ESSAIS AUTOMOBILES

Renault Zoé : Renault sonne la charge


Renault l’avait annoncé. Zoé l’a fait. Même si son utilisation reste encore limitée, avec la citadine française, c’est un peu l’an II de la voiture électrique.
Pour qui ? Maintes fois retardée, la Zoé arrive en concessions cette semaine. Avec son autonomie encore limitée (entre 100 et 150 kilomètres selon le style de conduite et les conditions de route), la première voiture électrique de Renault est majoritairement destinée à rester une seconde voiture. Elle vise un acheteur possédant un pavillon équipé d’un point spécifique où il pourra recharger son véhicule. Cela car les bornes de recharge publiques restent rarissimes et, surtout, car il est impossible de recharger la française sur une prise domestique ordinaire avec un bout de rallonge électrique.
Silencieuse, nerveuse et ferme
Quid de la recharge ? C’est la première mauvaise surprise. Renault oblige à installer chez soi une borne spécifique appelée « wallbox ». Et si le câble de branchement est fourni gratuitement, cette borne, elle, coûte 490 €, auxquels il faudra rajouter… les frais d’installation de 370 €, au minimum. Selon la puissance de la borne de recharge (de 3 à 43 kW), le temps pour regonfler les batteries au lithium-ion variera de 30 minutes à 1 heure pour retrouver 80 % de la charge et jusqu’à 6 à 9 heures.
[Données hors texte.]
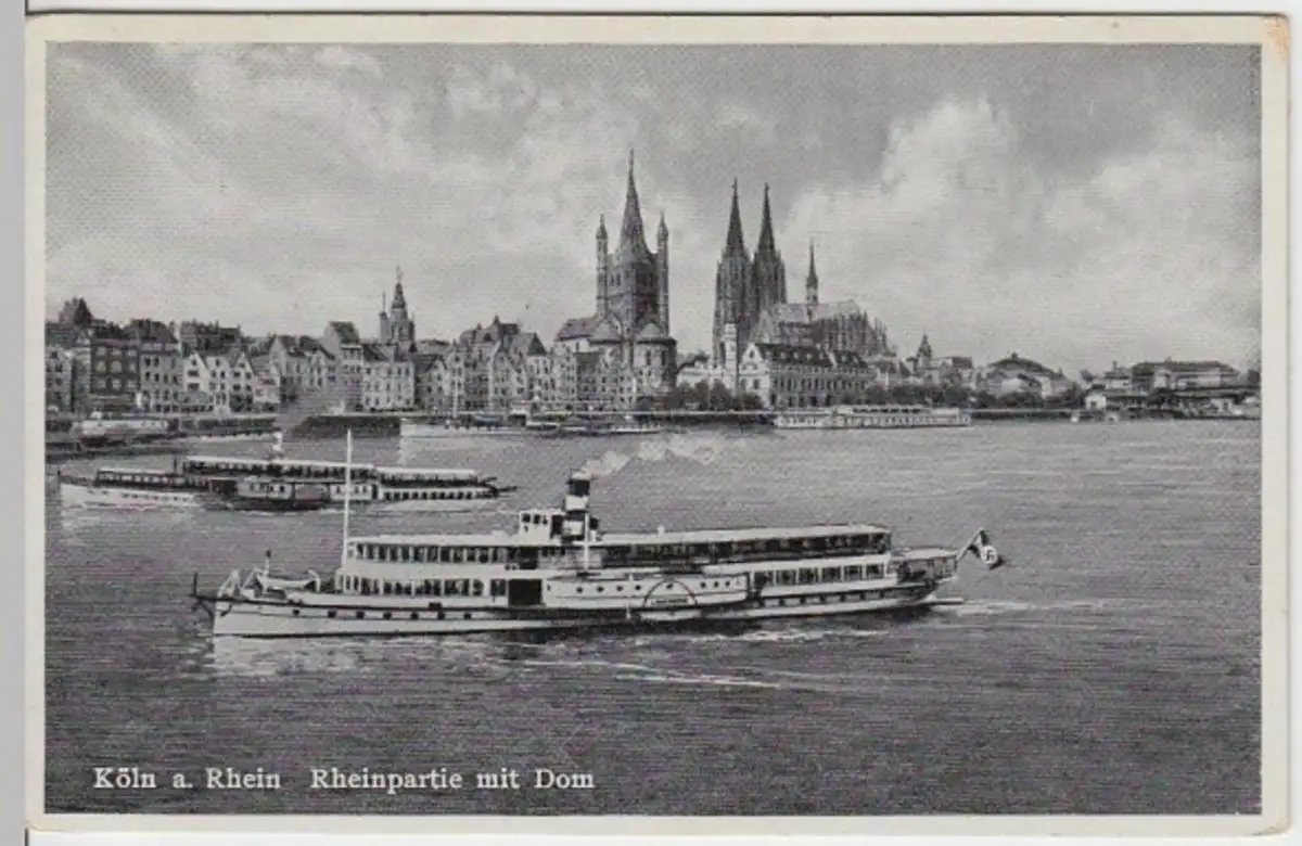 - (5840) Ansichtskarte, postcard, PPC - Köln, Rheinpartie mit Dom 1940

Prix de la recharge : moins de 2 €.
Quel prix justement ? Le superbonus de l’État de 7.000 € étant passé par là, la Zoé coûte, au final, 13.700 € en entrée de gamme, soit l’équivalent d’une Clio essence. Outre le prix de la wallbox, il faudra rajouter 79 € mensuellement qui correspondent à la location des batteries. Renault y inclut une assistance 24H/24 en cas de panne lorsque les batteries sont complètement déchargées et garantie, à vie, les batteries, qui seront changées en cas de problème. Avantage des voitures électriques, privées de boîte de vitesses, d’embrayage, etc., ne nécessitant pas de vidange, elles promettent des coûts d’entretien moindre - de l’ordre de 20 % selon Renault - par rapport à un modèle thermique.
À vivre. La Zoé ringardise les premiers modèles électriques sortis (Citroën C-Zero, Mitsubishi i-Miev, voire Nissan Leaf, etc.). Proposée à un prix enfin accessible, forte d’une ligne séduisante, elle est une véritable auto utilisable au quotidien. Les près de 300 kilos de batteries étant logés sous les assises, le coffre est généreux. À l’intérieur, si l’habitabilité est comptée à l’arrière et les plastiques guère plus flatteurs que sur la Clio IV, la Zoé avance un habitacle clair et épuré. On retrouve l’intuitif écran multimédia de l’actuelle Clio. Et, au fil des trois niveaux de finition, on dispose d’un GPS, de la clé mains-libres ou de la caméra de recul.
À son volant. Et bien c’est que du bonheur. Silencieuse, nerveuse puisque le couple est immédiatement disponible, dotée d’une direction franche et précise, la Zoé se faufile partout et n’a vraiment pas à rougir de ses performances. Une petite mélodie indiquant qu’on a démarré le moteur, un très léger sifflement, voilà ce que l’on entend à bord de la Renault. De plus, jusqu’à 30 km/h, une sonorité extérieure à le rôle d’alerter les piétons. Et si elle est ferme en amortissement, cette citadine est vraiment agréable à conduire. Dernière précision, à chaque parcours d’essai, elle a respecté à la lettre les autonomies annoncées par l’ordinateur de bord.
Emmanuel Brun

Prix : à partir de 20.700 € (bonus éco. 7.000 €).
Moteur : électrique. Puissance : 88 ch. 0 gr CO2/km. Autonomie : 150 km. Vitesse max. : 135 km/h. 0 à 100 km/h : 13,5 s.
Pratique : Lxlxh (m) : 4,09x1,73x1,56. Coffre : 338 à 1.225 dm3. Poids : 1.468 kg.
Les + : prix d’accès, autonomie annoncée respectée, design, équipement, comportement routier.
Les - : impossible de la brancher sur une prise classique, autonomie encore limitée même si elle progresse par rapport aux autres modèles électriques, carrosserie très exposée aux chocs.